To those involved, it is abundantly clear that sponsorship is as meaningful to the sponsors as it is to the refugees. Loneliness is nearly epidemic in modern life. The act of taking collective responsibility for welcoming newcomers brings neighbors together across partisan and other divides in ways that reanimate community life, create a sense of common cause, and build civic consciousness. It keeps people from bowling alone. Sponsorship allows residents to engage at whatever level they prefer, from taking full responsibility for the resettlement project as a leader of a group to simply volunteering an hour a week as a driver, shopping guide, or English tutor.
The United States should make the Canadian sponsorship model the national resettlement standard—and improve on it. That process is already underway. This past year has upended the outdated American resettlement system as a rush of communities of care—veterans seeking to support their displaced Afghan interpreters and allies, members of the Ukrainian diaspora, service organizations, faith groups, local governments, colleges and universities, and ordinary Americans throughout the country moved by the plight of Afghans and Ukrainians—have demanded to be part of the response to the crises. The Biden administration has improvised in creative ways to address the surge of interest and need. These innovations point the way to a more powerful, community-led system of welcoming refugees in the United States.

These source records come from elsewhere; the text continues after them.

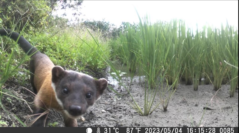台東池上青年培力工作站紀錄生態資料1000多筆,日前拍攝到黃喉貂,生態顧問公司執行長林耿弘指出,這應是全台灣第一次在水稻田記錄到。圖/熊良心生態顧問公司提供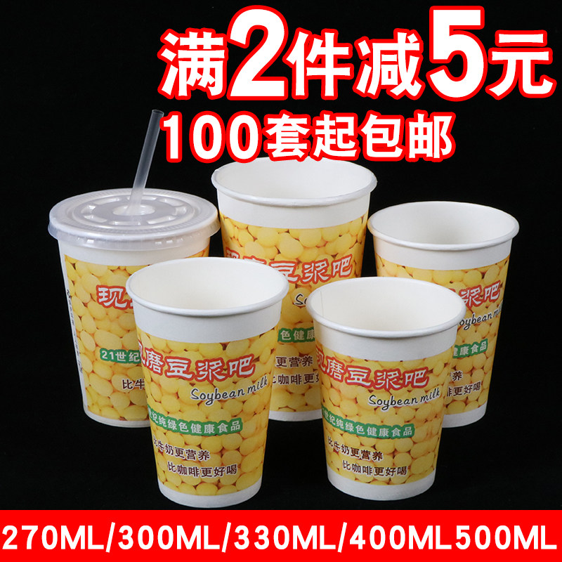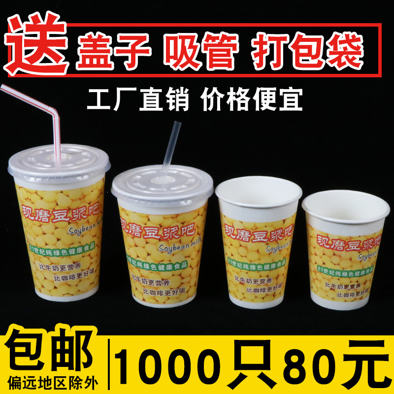 Soymilk cup Disposable with lid Freshly ground thickened soymilk cup Paper cup Commercial straw Packing cup Take-away full set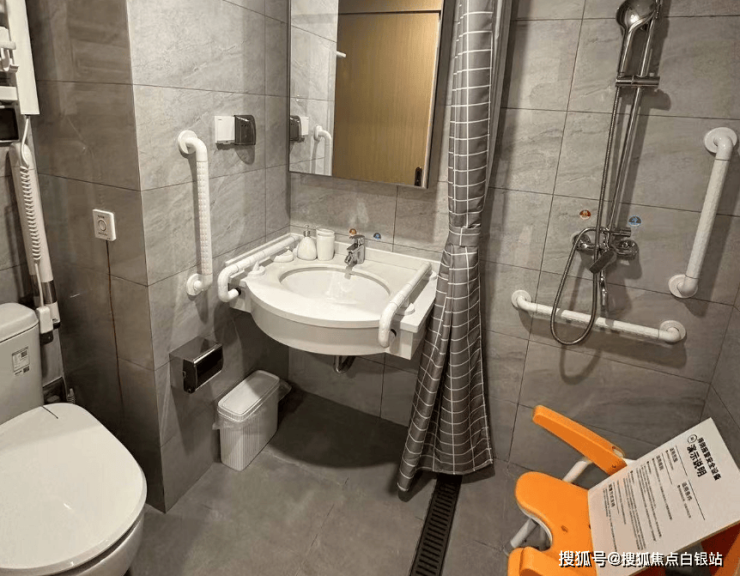 全楼防滑PVC地胶、2.4米宽走廊配双侧夜光扶手、卫生间恒温花洒+折叠助浴椅。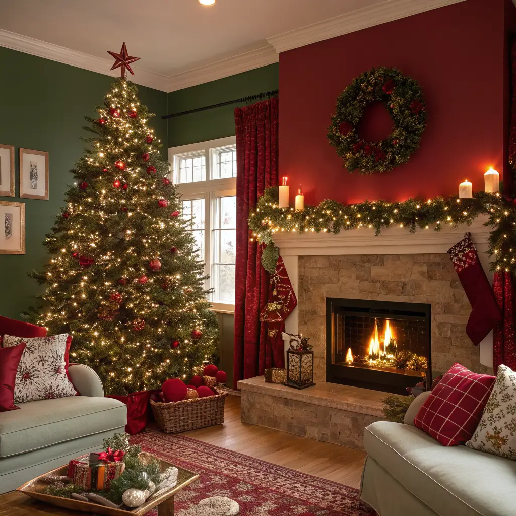 Start with a neutral base – your existing sofa and walls work perfectly. Then layer in red through throw pillows, cozy blankets, and maybe a gorgeous area rug. I personally love adding forest green through real or quality faux garland draped along the mantelpiece and around doorways.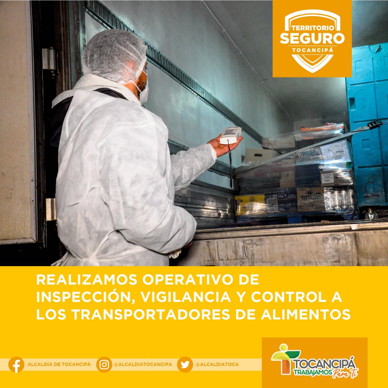 En un trabajo conjunto del Gobierno Municipal y los equipos de las secretarías de Gobierno y Salud, con el acompañamiento de la Policía Nacional realizamos un operativo de inspección, vigilancia y control a los transportadores de alimentos para verificar la documentación requerida y el origen seguro de los alimentos con el fin de garantizar la inocuidad y legalidad de los productos que se consumen en nuestros hogares.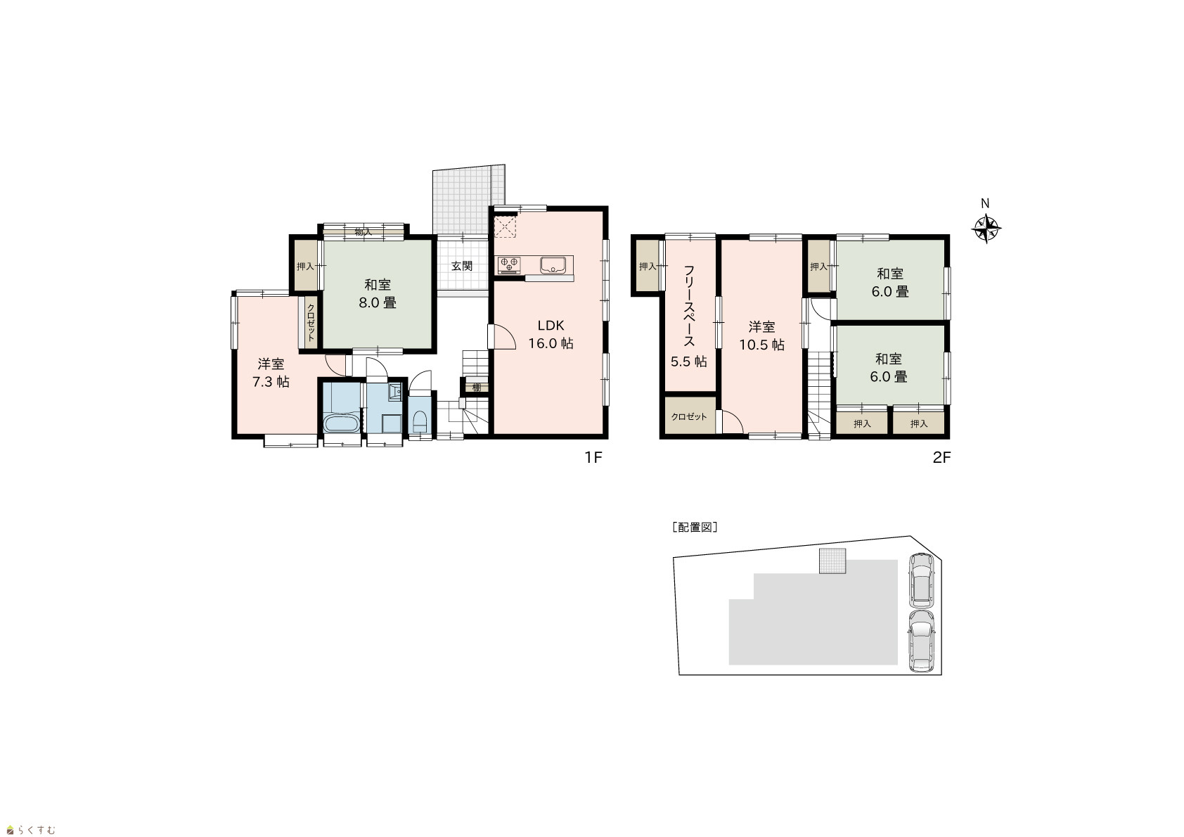 5LDK (和室:8.0畳、6.0畳、6.0畳) (洋室:7.3、10.5) LDK16.0 |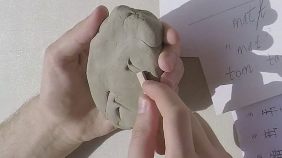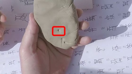 しばらくして離すと、粘土板に「垂直のくさび」が刻まれていました。
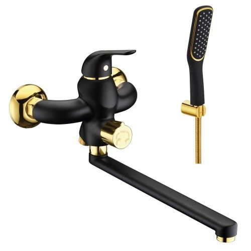 LM5451BG Смеситель LEMARK универсальный с плоским поворотным изливом "SWAN", черный/золото

One of the administration’s critical reforms, made last fall, was to allow community members to become directly responsible for resettlement rather than limiting them to volunteering for refugee agencies. In October, the State Department worked with the Community Sponsorship Hub—a new nongovernmental organization (NGO) designed to expand sponsorship in the United States by focusing on program development and capacity building—to launch the Sponsor Circle Program. This allows five or more Americans to come together to welcome Afghan refugees after receiving rigorous training. The successful trial of Sponsor Circles set the stage for the Uniting for Ukraine program, which launched in April and has led to an extraordinary increase in the number of sponsors.
A second vital innovation by the U.S. government has been its effort to speed up the vetting process for refugees without compromising security standards. Until now, the process was complex and not well coordinated, leading to average wait times abroad of about two years and often much longer. The Biden administration is reducing this wait time, and has created a 30-day processing system for Afghans in Doha by surging concentrated resources for vetting on location. In the case of the Ukrainians, meanwhile, and with most Afghans, the government has expedited entry into the United States by scaling a system called humanitarian parole, which allows individuals to quickly reach safety.
The State Department is also rethinking how it can bring more actors into the resettlement space. It recently announced a call for proposals that invites NGOs to help refer refugees to the resettlement system. For instance, NGOs working with journalists in conflict zones or groups working with members of the LGBTQ community who know their populations and local contexts better than UN refugee agencies or governments can help those at risk of persecution reach safety in the United States. The State Department also recently solicited proposals for participation in the resettlement program with a strong emphasis on welcoming new national partners.
Research shows that sponsored refugees are more likely to become well integrated into society.
Another innovation will come later this year, when the administration launches a formal private sponsorship program that will allow Americans to identify refugees who are overseas and sponsor them for resettlement in the United States, much like Uniting for Ukraine does—but through the formal U.S. refugee admissions program. This pilot program should expand and become permanent; it eventually could serve as a critical pillar of refugee policy in the United States. Rather than displacing the current resettlement system, it would enhance and help sustain it, as in Canada.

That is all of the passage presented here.